He's attacking symptoms, not causes.
While a lot of those groups did very well during the house price boom (and he forgot to mention Right To Buyers), they are all suffering during the downturn. What he should be attacking is the whole economic-political system I refer to as "Home-Owner-Ism". Ultimately, nobody locks the government in a stranglehold apart from us, the voters.
And we, collectively, want more reckless lending (that's why we begrudgingly bailed out the banks and shout hooray when a bank announces it will start lending at 90% LTV again), less new development (The Hallowed Greenbelt - which turns home builders into land price speculators), higher rents (as inflated by Housing Benefit), we want estate agents to quote us fancy prices when we are trying to sell; we imagine that high house prices make us richer (when as a matter of fact and logic they make us poorer) and we want low property taxes (hence the outcry that ensues if ever anybody is brave enough to call for taxes on property values, i.e. Uncle Vince's 'Mansion Tax').
PS, I don't mean "we the housepricecrashers", I mean "the majority of voters in this benighted isle".
2. dbc reed said...
What Mark W said.
Also: Priced out's comments about the language used in papers ("Hope for house price rises" )are to the point.All the more pointed because the papers get into a hopeless contradiction summed up by their unofficial slogan : Wage rises bad; house price rises good.But The Guardian is sticking to a very anti Home Ownerist line and has had a very good war.Patrick Collinson is the most bluntly anti, whereas Ashley Seager and Larry Elliott are more subtle and complex.
Priced out and HPC should be thinking of putting up election candidates on a single plank platform "House prices down ! " in areas of extortionate over-valuation and/or multi-occupation renting.The mainstream parties will be losing votes over corruption and all round walliness so will be mightily pissed off to lose even a couple of hundred votes to an HPC /PO
candidate.
3. tenant super said...
"It wants to take some of the pressure off demand, by removing tax breaks for buy-to-let speculation and limiting multiple home ownership and holiday homes, while improving supply by easing planning controls, building more social housing and encouraging developers to free up landbanks."
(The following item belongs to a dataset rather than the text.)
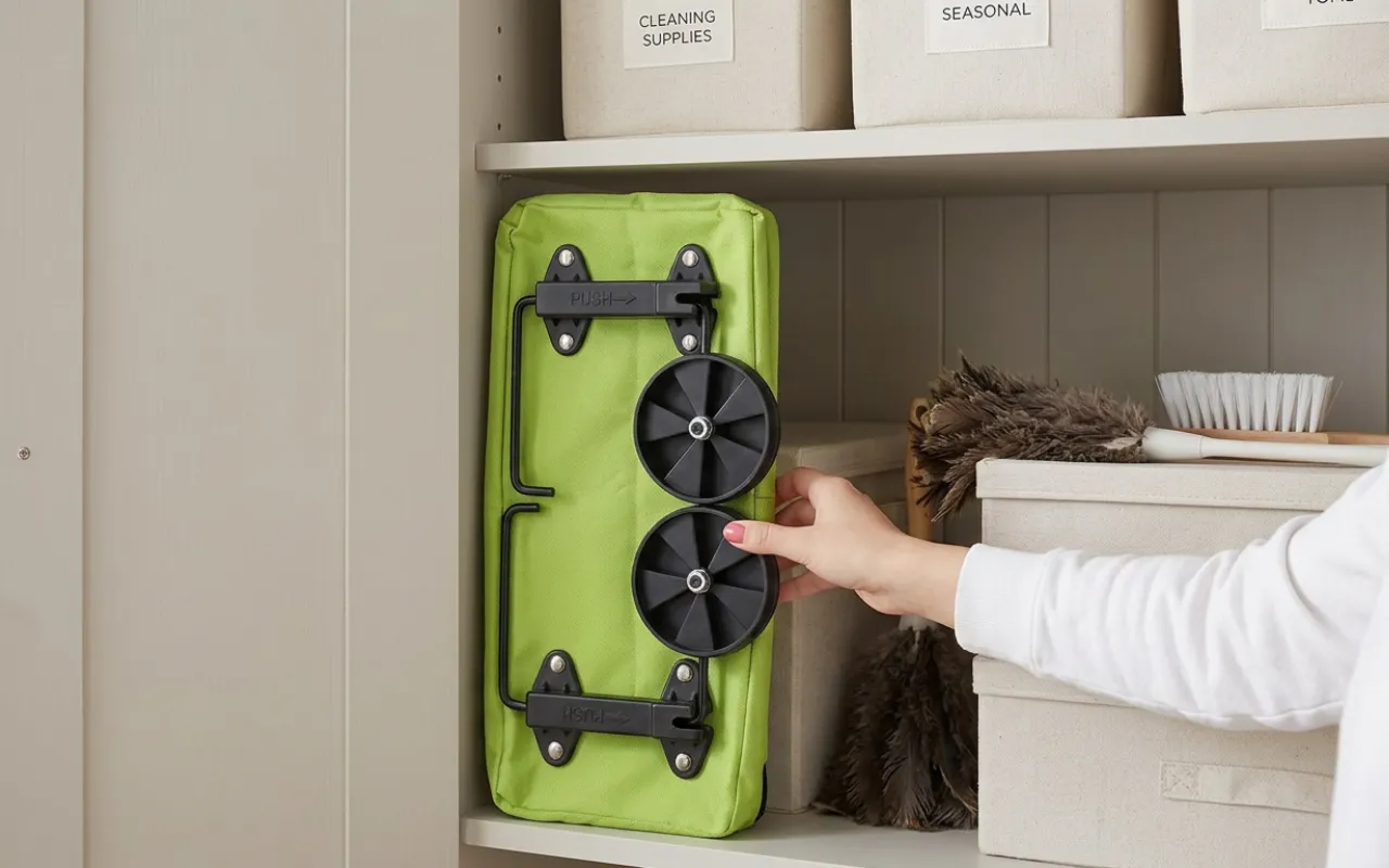 Ho preso questo carrello dopo un’operazione alla spalla. Ora carico bottiglie pesanti e frutta senza preoccuparmi. Si piega in pochi secondi e scivola facilmente accanto all’armadio.

Let's accept LVT isn't going to happen in the forseeable future and look at these proposals with that resignation.
... removing tax breaks for buy-to-let speculation
Very good idea
while improving supply by easing planning controls,
Excellent idea
building more social housing and encouraging developers to free up landbanks.
Again all good..
But I take exception to "and limiting multiple home ownership and holiday homes". Firstly, I think the other three proposals will remove the need to limit multiple home ownership anyway. But really this proposal is tricky to enforce. One of the most common multiple home ownerships arrangements is a family home in an area with nice schools and so on, like Bath or Harrrogate and then a London flat for hubby to use Mon -Fri. If the family home is in her name and flat is in his name and both are occupied, there's not much you can do. Or do you limit the ownership per married couple and create yet another disincentive to marry?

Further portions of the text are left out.